Further, the configuration described in the above embodiment shows one embodiment of the present invention, and does not limit the scope of the present invention. The present invention includes a wide variety of modifications without departing from the spirit of the present invention.

[0030]

As described above, according to the first aspect of the present invention,
Since the current capacity of the drive circuit that drives the transistor on / off to drive the motor can be smaller than the current capacity of the drive circuit that sets the transistor to either the on state or the off state, the transistor On /
The operating state of the drive circuit to be driven off can be determined, the operating state of each of these drive circuits is not determined, and the situation where each transistor is short-circuited can be prevented, and the malfunction of the motor can be prevented. it can.

In the first aspect of the present invention, the first conductivity type may be a P-channel type, and the second conductivity type may be an N-channel type. Also in this case, the above-described effects can be achieved. In the invention of claim 1, the first drive circuit includes a gate integrated circuit element having a current capacity of about 60 mA as a basic configuration, and the second drive circuit has a basic configuration of about 20 to about 20 mA.
A gate integrated circuit device having a current capacity of 30 mA may be provided. Also in this case, the operation and effect of the first aspect can be realized.

[Brief description of the drawings]

FIG. 1 is a block diagram illustrating a configuration example of a part of a motor drive circuit 31 according to an embodiment of the present invention.

FIG. 2 is a block diagram illustrating a configuration example of a motor drive circuit 1 that is a basis of the present invention.

FIG. 3 is a graph showing an operation example of a gate element used in the example.

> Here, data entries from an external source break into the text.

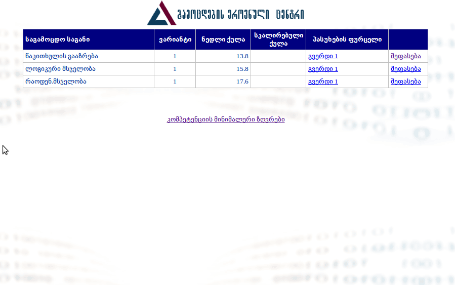 საერთო სამაგისტრო გამოცდები 2011, შედეგები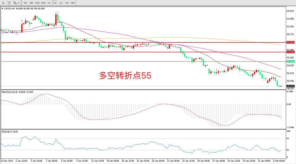 4小时图看,油价震荡走低,整体表现疲弱,均线系统呈空头排列,MACD绿柱增加,RSI指标向上走平,日内延续下行概率较大。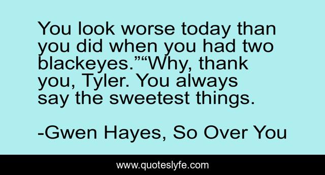 This page presents the quote "You look worse today than you did when you had two blackeyes.”“Why, thank you, Tyler. You always say the sweetest things.". Author of this quote is Gwen Hayes, So Over You. This quote is about funny, comedy,.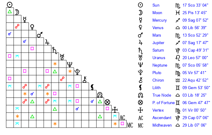 | Neptune | 7 Scorpio 5 | 29 Pisces 36 | 8 Scorpio 56 |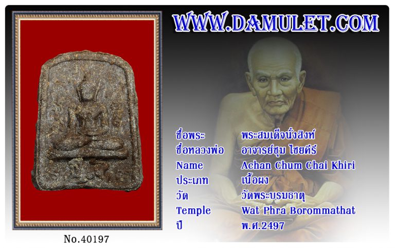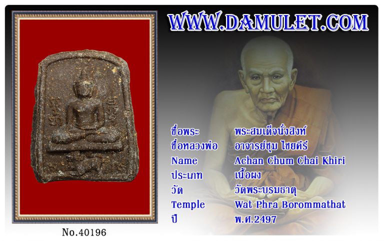 พระสมเด็จนั่งสิงห์ อาจารย์ชุม ไชยคีรี วัดพระบรมธาตุ พ.ศ.2497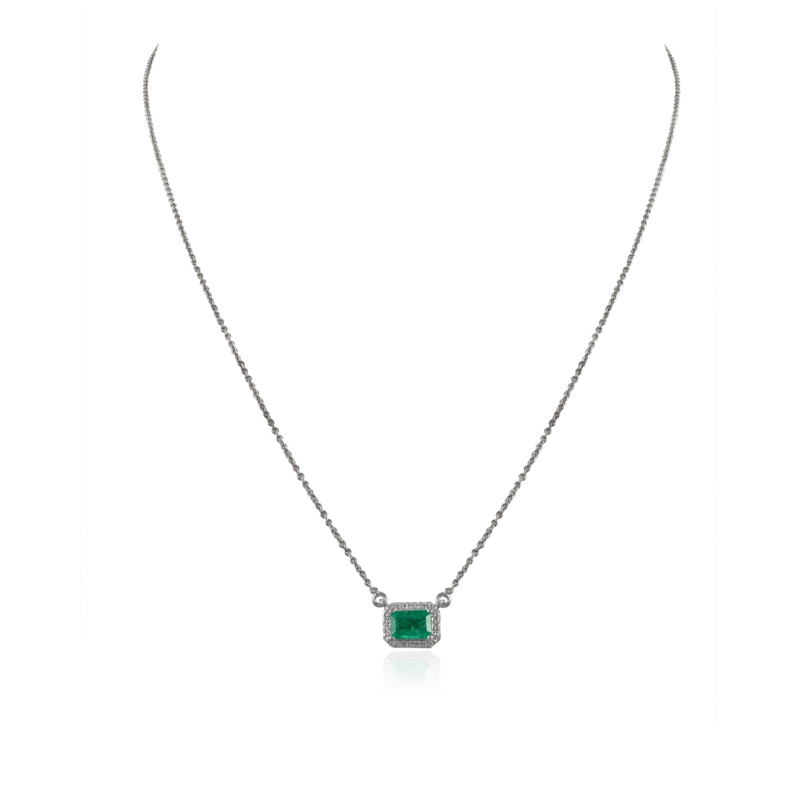 Surrounding the emerald is a dazzling halo of diamonds, totaling 0.05 carats. Each diamond, measuring 1 mm, is meticulously set in a prong setting to enhance their natural brilliance and add a touch of sparkle to the necklace. The combination of the vibrant emerald and the sparkling diamond halo creates a stunning contrast that exudes sophistication and charm.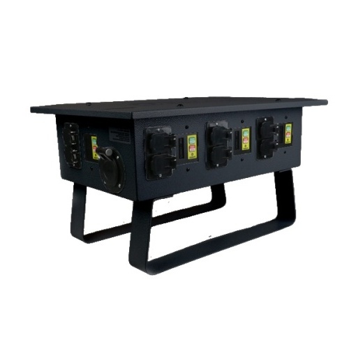 Ericson 1066FS-BK 1066FS OSCAR PDU, HAMMERD BLACK, 50A 240V NEMA3R W/ (6) NEMA5-20 DUPLEX, (6) 20A BREAKERS, (1) L6-30 W/ NON-GFCI BREAKER & 50A CS6369 FEED-THRU. PAINTED HAMMERED BLACK HOUSING AND LEGS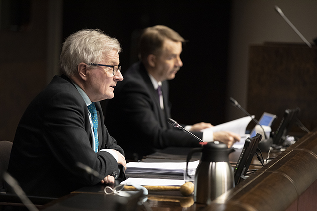 ​Finansutskottets ordförande Johannes Koskinen (sd) och vice ordförande Arto Pirttilahti (cent) höll presskonferens via Teams. ​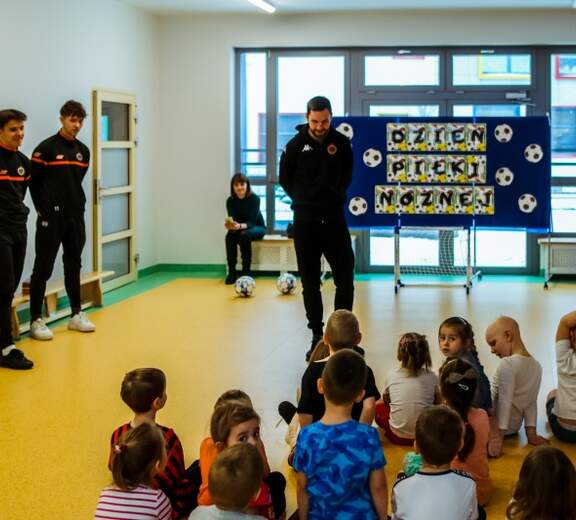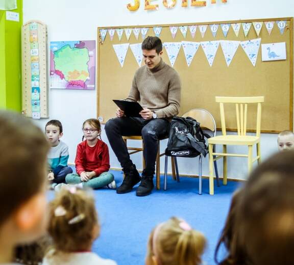 Mikołaj Lebedyński z juniorami w przedszkolu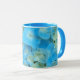 Keramiskt kaffe mugg för att hålla din favoritdryck hett eller kall som innehåller en omslutningsbild av ljusblå Fransk Hydrangea blommor, även kallad Hortensia. Markera mugg stil och färg. En underbar, blommigt design!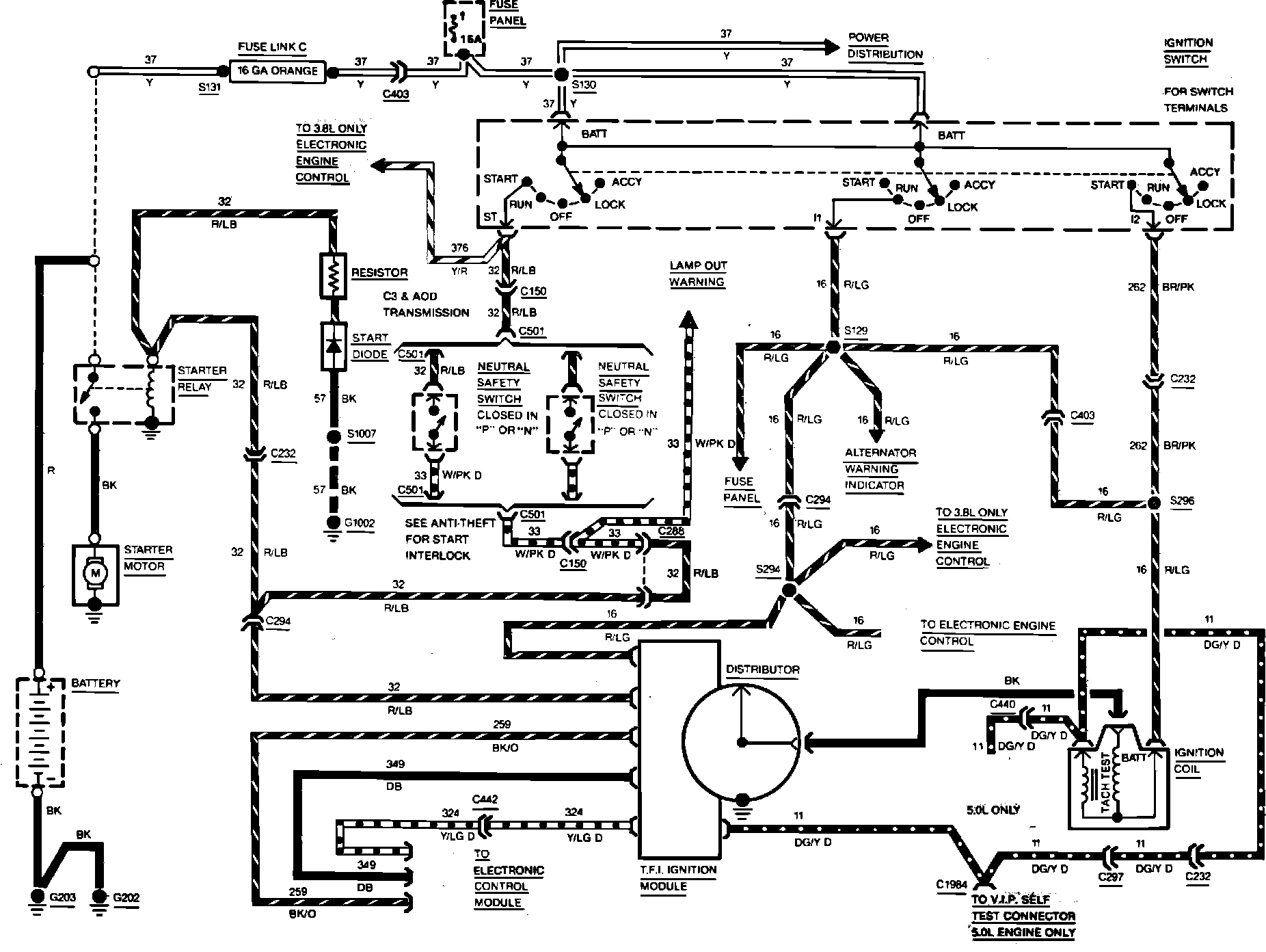 Fig. 38 Ignition System Wiring Circuit. 1985 3.8 Litre & 5.0 Litre Engines With EEC-IV: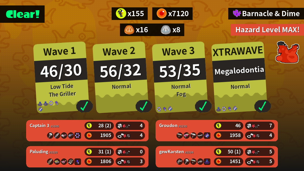 | Weapons | Painbrush Splatana Stamper Heavy Splatling H-3 Nozzlenose | Aerospray MG Painbrush Carbon Roller Grizzco Charger | Carbon Roller Rapid Blaster Flingza Roller Classic Squiffer | Grizzco Splatana Dread Wringer Rapid Blaster Pro Splat Dualies |

FIG. 4 is a graph showing operation states of circuit elements according to a conventional technique and an example.

FIG. 5 is a circuit diagram illustrating a configuration example of a motor driving circuit 1 according to the related art.

FIG. 6 is a circuit diagram illustrating a configuration example of a low-side side of a power element unit described later in the drive circuit 1.

FIG. 7 is a circuit diagram showing a configuration example of a high-side side of a power element unit described later in the drive circuit 1.

[Explanation of symbols]

 2 power supply section 3 motor 4 main control section 5 power element section 6 slave control section 7 high side element section 7a, 7b P high side element section 8 low side element section 8a, 8b low side element section 31 drive circuits 38, 39 gate circuit 42, 43 transistor for signal transmission 44, 45 AND circuit 46 OR circuit 47 overcurrent limiter circuit

Claims (3)

[Claims] 1. A first motor for supplying a drive current to a coil of a motor.
An inverter circuit having a transistor of a conductive type and a transistor of a second conductive type into which a drive current flows from another coil of the motor; and a relatively small current for turning on / off the first conductive type transistor of the inverter circuit. A first driving circuit of a capacitor;
A second drive circuit having a relatively large current capacity for setting the second conductivity type transistor to either an on state or an off state. 2. The method according to claim 1, wherein the first conductivity type is a P-channel type.
The motor drive device according to claim 1, wherein the second conductive type is an N-channel type. 3. The first driving circuit has a basic structure of about 60
a gate integrated circuit device having a current capacity of mA.
The motor drive device according to claim 1, wherein the drive circuit includes a gate integrated circuit element having a current capacity of about 20 to 30 mA as a basic configuration.